The relationship between cotton canopy temperature and yield, fiber quality and water-use efficiency.

Authors: CONATY, WARREN - Commonwealth Scientific And Industrial Research Organisation (CSIRO); Mahan, James; NEILSEN, JAMES - Monsanto Corporation; TAN, DANIEL - University Of Sydney; YEATES, STEPHEN - Commonwealth Scientific And Industrial Research Organisation (CSIRO); SUTTON, BRUCE - University Of Sydney

Submitted to: Irrigation Science
Publication Type: Peer Reviewed Journal
Publication Acceptance Date: 1/14/2014
Publication Date: N/A
Citation: N/A

Interpretive Summary: A combination of increased demand for and decreased supplies of agricultural water are creating a need for improved methods for managing irrigation worldwide. In this study the temperature of cotton plants, in the field, was measured near-continuously over growing seasons. The results show that cotton yield was highest when plant temperatures were within a range from 25°C to 28°C (77°F to 82°F). Reduced irrigation resulted in elevated temperatures, reduced yield and lower fiber quality. Plant temperature provides a tool for irrigation management that can be used to balance water use and yield and quality. Breeders may use this information to identify varieties that are better suited to reduced irrigation.

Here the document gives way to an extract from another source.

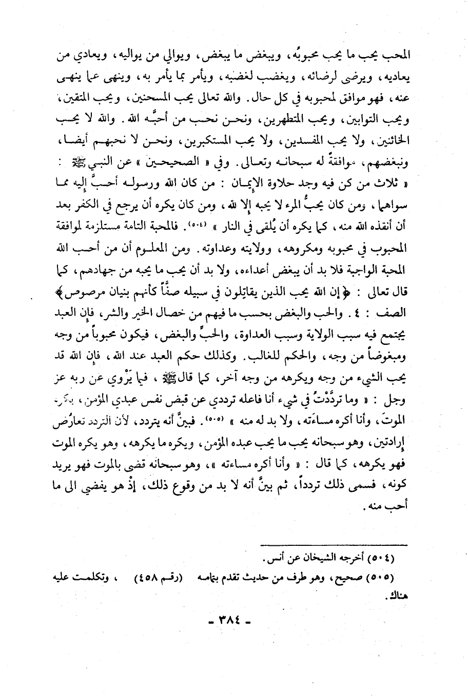 الْمُحِبَّ يُحِبُّ مَا يُحِبُّ مَحْبُوبُهُ، وَيُبْغِضُ مَا يُبْغِضُ، وَيُوَالِي مَنْ يُوَالِيهِ، وَيُعَادِي مَنْ يُعَادِيهِ، وَيَرْضَى لِرِضَائِهِ، وَيَغْضَبُ لِغَضَبِهِ، وَيَأْمُرُ بِمَا يَأْمُرُ بِهِ، وَيَنْهَى عَمَّا يَنْهَى عَنْهُ، فَهُوَ مُوَافِقٌ لِمَحْبُوبِهِ فِي كُلِّ حَالٍ, وَاللَّهُ تَعَالَى يُحِبُّ المسحنين، وَيُحِبُّ الْمُتَّقِينَ، وَيُحِبُّ التَّوَّابِينَ، وَيُحِبُّ الْمُتَطَهِّرِينَ، وَنَحْنُ نُحِبُّ مَنْ أَحَبَّهُ اللَّهُ, وَاللَّهُ لَا يُحِبُّ الْخَائِنِينَ، وَلَا يُحِبُّ الْمُفْسِدِينَ، وَلَا يُحِبُّ الْمُسْتَكْبِرِينَ، وَنَحْنُ لَا نُحِبُّهُمْ أَيْضًا، وَنُبْغِضُهُمْ، مُوَافَقَةً لَهُ سبحانه وتعالى, وَفِي الصَّحِيحَيْنِ عَنِ النَّبِيِّ صَلَّى اللَّهُ عَلَيْهِ وَسَلَّمَ: "ثَلَاثٌ مَنْ كُنَّ فِيهِ وَجَدَ حَلَاوَةَ الْإِيمَانِ: مَنْ كَانَ اللَّهُ وَرَسُولُهُ أَحَبَّ إِلَيْهِ مِمَّا سِوَاهُمَا، وَمَنْ كَانَ يُحِبُّ الْمَرْءَ لَا يُحِبُّهُ إِلَّا لِلَّهِ، وَمَنْ كَانَ يَكْرَهُ أَنْ يَرْجِعَ فِي الْكُفْرِ بَعْدَ أَنْ أَنْقَذَهُ اللَّهُ مِنْهُ، كَمَا يَكْرَهُ أَنْ يُلْقَى فِي النَّارِ" 1. فَالْمَحَبَّةُ التَّامَّةُ مُسْتَلْزِمَةٌ لِمُوَافَقَةِ الْمَحْبُوبِ فِي مَحْبُوبِهِ وَمَكْرُوهِهِ، وَوِلَايَتِهِ وَعَدَاوَتِهِ, وَمِنَ الْمَعْلُومِ أَنَّ مَنْ أَحَبَّ اللَّهَ الْمَحَبَّةَ الْوَاجِبَةَ فَلَا بُدَّ أَنْ يُبْغِضَ أَعْدَاءَهُ، وَلَا بُدَّ أَنْ يُحِبَّ مَا يُحِبُّهُ مِنْ جِهَادِهِمْ، كَمَا قَالَ تَعَالَى: {إِنَّ اللَّهَ يُحِبُّ الَّذِينَ يُقَاتِلُونَ فِي سَبِيلِهِ صَفًّا كَأَنَّهُمْ بُنْيَانٌ مَرْصُوصٌ} [الصَّفِّ: 4] , وَالْحُبُّ وَالْبُغْضُ بِحَسَبِ مَا فِيهِمْ مِنْ خِصَالِ الْخَيْرِ وَالشَّرِّ، فَإِنَّ الْعَبْدَ يَجْتَمِعُ فِيهِ سَبَبُ الْوِلَايَةِ وَسَبَبُ الْعَدَاوَةِ، والحب والبغض، فيكون محبوبا من وجه ومبغوضا مِنْ وَجْهٍ، وَالْحُكْمُ لِلْغَالِبِ, وَكَذَلِكَ حُكْمُ الْعَبْدِ عِنْدَ اللَّهِ، فَإِنَّ اللَّهَ قَدْ يُحِبُّ الشَّيْءَ مِنْ وَجْهٍ وَيَكْرَهُهُ مِنْ وَجْهٍ آخَرَ، كَمَا قَالَ صَلَّى اللَّهُ عَلَيْهِ وَسَلَّمَ، فِيمَا يَرْوِي عَنْ رَبِّهِ عَزَّ وَجَلَّ: "وَمَا تَرَدَّدْتُ فِي شَيْءٍ أَنَا فَاعِلُهُ تَرَدُّدِي عَنْ قَبْضِ نَفْسِ عَبْدِي الْمُؤْمِنِ، يَكْرَهُ الْمَوْتَ، وَأَنَا أَكْرَهُ مَسَاءَتَهُ، وَلَا بُدَّ لَهُ مِنْهُ" 2. فَبَيَّنَ أَنَّهُ يَتَرَدَّدُ، لِأَنَّ التَّرَدُّدَ تَعَارُضُ إِرَادَتَيْنِ، وَهُوَ سُبْحَانَهُ يُحِبُّ مَا يُحِبُّ عَبْدُهُ الْمُؤْمِنُ، وَيَكْرَهُ مَا يَكْرَهُهُ، وَهُوَ يَكْرَهُ الْمَوْتَ فَهُوَ يَكْرَهُهُ، كَمَا قَالَ: وَأَنَا أَكْرَهُ مَسَاءَتَهُ، وَهُوَ سُبْحَانَهُ قَضَى بِالْمَوْتِ فَهُوَ يُرِيدُ كَوْنَهُ، فَسَمَّى ذَلِكَ تَرَدُّدًا، ثُمَّ بَيَّنَ أَنَّهُ لَا بُدَّ مِنْ وُقُوعِ ذَلِكَ، إذ هو يفضي إلى ما أحب منه.

Technical Abstract: Crop canopy temperature (Tc) is associated with transpiration and Tc has been used in crop water stress detection. This study investigates the effect of surface drip and furrow irrigation regimes on cotton Tc. It outlines the relationship between Tc and lint yield, fiber quality and total water-use efficiency (WUEtotal, kg ha-1mm-1 total applied water) in a high input, high yielding (>1800 kg ha-1) cotton system. Canopy temperature between flowering to crop maturity was monitored in both drip and furrow irrigation field experiments. Yield reductions occurred when Tc exceeded 28°C. Reductions in fiber length outside the ideal range (>28.6 mm)occurred when Tc exceeded 31°C, while desirable micronaire (3.8 to 4.5)was observed at Tc between 25 and 32°C. Desirable fiber quality and peak lint yield can be realized if an irrigation scheduling protocol maintains average canopy temperatures below 28°C. However, maximum WUEtotal was observed at a higher average Tc (30°C) than peak lint yield (28°C), which would correspond to a predicted 23% reduction in lint yield from the peak (3030 kg ha-1). Therefore, the trade-off between peak yield and WUEtotal needs to be considered in conjunction with irrigation water costs and availability when scheduling irrigations based on canopy temperature.